Pada 2014 dan 2019, ketika sistem yang sama diterapkan, kami memiliki dua kandidat, Jokowi dan Prabowo, dengan partai-partai lain berkerumun di belakang satu atau yang lain. Ini adalah perlombaan yang sama yang dilakukan dua kuda dalam dua tahun terakhir, sehingga bangsa ini menjadi terpolarisasi tidak seperti sebelumnya.

Meskipun undang-undang pemilu ditinjau setiap lima tahun, tidak ada satu pun partai besar yang mengontrol proses legislatif tertarik untuk menurunkan ambang batas presiden; Tidak ketika Anda melakukan itu tidak akan memberi mereka keuntungan.

Oleh karena itu, banyak kandidat potensial yang muncul dalam jajak pendapat kemungkinan akan menerima tawaran untuk menjadi pasangan calon bagi siapa pun yang akhirnya memenangkan tiket presiden.

Ini adalah komentar yang menyedihkan, jika tidak tragis, tentang demokrasi di Indonesia, di mana pemilih tidak diberikan pilihan nyata untuk presiden mereka.

Ambang batas yang ketat berarti bahwa pencalonan tetap berada di tangan partai-partai politik besar (dan tidak diragukan lagi beberapa di belakang mereka), dan bahwa para kandidat kemungkinan besar merupakan hasil dari perdagangan kuda antara partai-partai ini dan para pemimpin mereka.

READ  Putranya adalah pemain spesial dan manusia spesial - Mourinho

Bahkan menyedihkan untuk berpikir bahwa demokrasi di Indonesia telah melihat hari yang lebih baik, seperti yang terjadi pada tahun 2004 ketika sistem pemilihan memberi kami lima kandidat presiden untuk dipilih, dan tiga kandidat pada tahun 2009.

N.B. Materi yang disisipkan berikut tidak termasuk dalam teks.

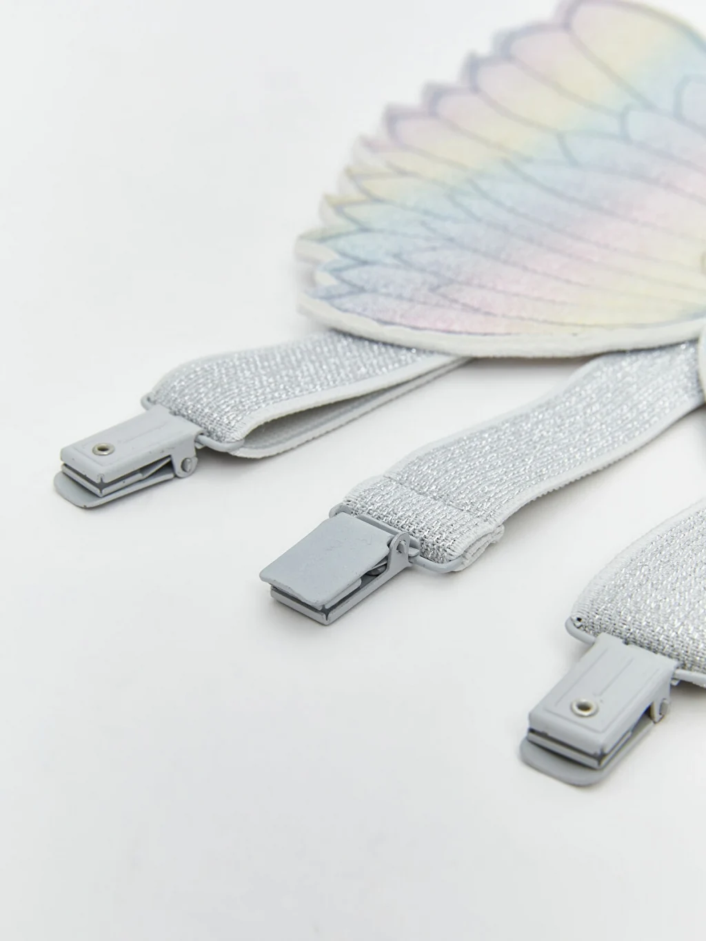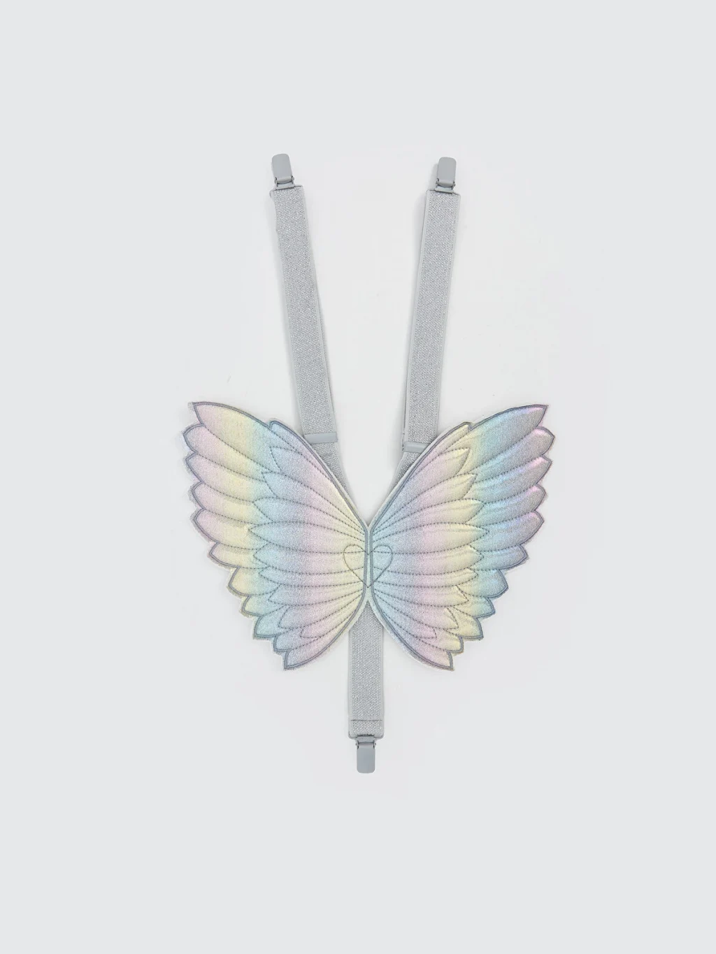 Arkası kanat aksesuarlı kız çocuk pantolon askısı, ayarlanabilir askılıdır ve metal klips kapamalara sahiptir.

Mungkin menarik untuk mengikuti survei popularitas, dan orang dapat berargumen bahwa survei tersebut mencerminkan keinginan populer sampai batas tertentu. Namun bersiaplah untuk kecewa pada 2024, karena cara kerja sistem sekarang, pemilihan presiden lebih dari mencerminkan kehendak elit politik.

*** Penulis adalah editor senior di The Jakarta Post.

We will be happy to hear your thoughts

Leave a reply

MEDIABOGOR.COM AMAZON, DAS AMAZON-LOGO, AMAZONSUPPLY UND DAS AMAZONSUPPLY-LOGO SIND MARKEN VON AMAZON.COM, INC. ODER SEINE MITGLIEDER. Als AMAZON ASSOCIATE VERDIENEN WIR VERBUNDENE KOMMISSIONEN FÜR FÖRDERBARE KÄUFE. DANKE, AMAZON, DASS SIE UNS UNTERSTÜTZT HABEN, UNSERE WEBSITE-GEBÜHREN ZU ZAHLEN! ALLE PRODUKTBILDER SIND EIGENTUM VON AMAZON.COM UND SEINEN VERKÄUFERN.